Ale patrząc z boku myślę, że gorzej ta reprezentacja nie ma prawa zagrać. Źle się patrzyło na to, co ostatnio prezentowała kadra. Do tego jeszcze nagonka z każdej strony. Szkoda, bo jak jest dobrze, to każdy chwali, klepie po plecach. A przyszedł słabszy moment i od razu fala krytyki się wylała. Ale taka niestety jest piłka. Z tym trzeba się mierzyć. Zawodnicy na tym poziomie raczej nie roztrząsają, że dwóch dziennikarzy ich skrytykowało.

Trzymajmy za nich kciuki. Jest dużo młodzieży, oni naprawdę potrzebują wsparcia.

Zapytam cię w takim razie konkretnie o pozycje tobie najbliższą – środek defensywy. Obecnie najwięcej jest zmian właśnie tam.

Najwięcej zmian i od razu nasuwa się pytanie, czy będziemy grać trójką obrońców, czy nie. W młodzieżówce trener preferował system z trójką środkowych.

Nie ma czasu na kadrze, żeby to w jakiś sposób wytrenować. Kto dostanie szansę będzie musiał ją jak najszybciej wykorzystać. Dobrze, że te pierwsze mecze są z rywalami z niższej półki. Daj Boże, żeby to „zapaliło” od pierwszego zgrupowania nowego szkoleniowca, bo to doda mu na pewno skrzydeł. Bo po samym ogłoszeniu nominacji na selekcjonera, już nie miał łatwo.
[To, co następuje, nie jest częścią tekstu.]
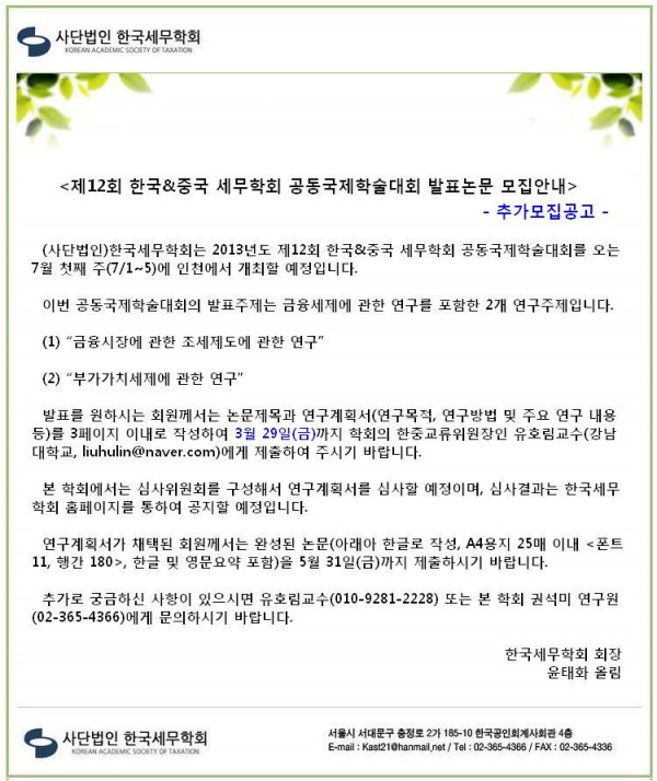 [한국세무학회]제12회 한국&중국 세무학회 공동국제학술대회 발표논문 모집안내(추가모집공고,~3월29일까지)
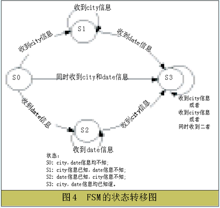 在總結(jié)了前人工作經(jīng)驗(yàn)和結(jié)合本系統(tǒng)的實(shí)際問(wèn)題的基礎(chǔ)上,我們?cè)趯?duì)話管理的具體實(shí)現(xiàn)上,將框架理論和有限狀態(tài)自動(dòng)機(jī)理論相結(jié)合,完成了一個(gè)智能的對(duì)話管理模塊。我們先將對(duì)話管理限制在天氣查詢領(lǐng)域。在系統(tǒng)中,通過(guò)人機(jī)之間的對(duì)話和確認(rèn),系統(tǒng)需要得到要查詢的時(shí)間和地點(diǎn)信息之后反饋查詢結(jié)果。

To na koniec wracamy do Opola, wracamy do Odry. Nie da się ukryć, że Mateusz Kamiński jest już doświadczonym zawodnikiem. Oczywiście nie wysyłam cię na piłkarską emeryturę! Taki awans do Ekstraklasy będzie zwieńczeniem kariery? To takie marzenie piłkarskie?

Z tym się trzeba mierzyć, wieku się nie oszuka. Każdy zawodnik z moim przebiegiem jest świadomy, że jest już coraz bliżej końca.

Parę tygodni wstecz, kiedy mnie ktoś pytał, powtarzałem – wyciskajmy tę cytrynę póki możemy. Póki idzie wyciskajmy z tego maksa, a co to da, to zobaczymy. Stadion się buduje, trenując codziennie patrzymy, jak powstaje. Każdy z tej drużyny chciałby na nim zagrać. A jakby to była Ekstraklasa, to myślę, że jest to marzenie każdego z nas. Bo nie wyobrażam sobie tego, że ktoś ma blokadę przed słowem „Ekstraklasa”. Dlaczego? Trzeba wykorzystywać, wyciskać i daj Boże, żeby tak się stało.

Ale jeszcze do Włochów Paolo Maldiniego i Alessandro Costacurty dużo ci brakuje (uśmiech). Trochę grania jeszcze przed tobą.

Póki zdrowie dopisuje, to na pewno trzeba się tym cieszyć. Robimy to, o czym za dzieciaka marzyliśmy. To, co kochamy. Myślę, że jest to najlepszy zawód na świecie (uśmiech). Każdy ponarzeka, taka chyba jest już nasza mentalność. Ale cieszmy się tym jak najdłużej.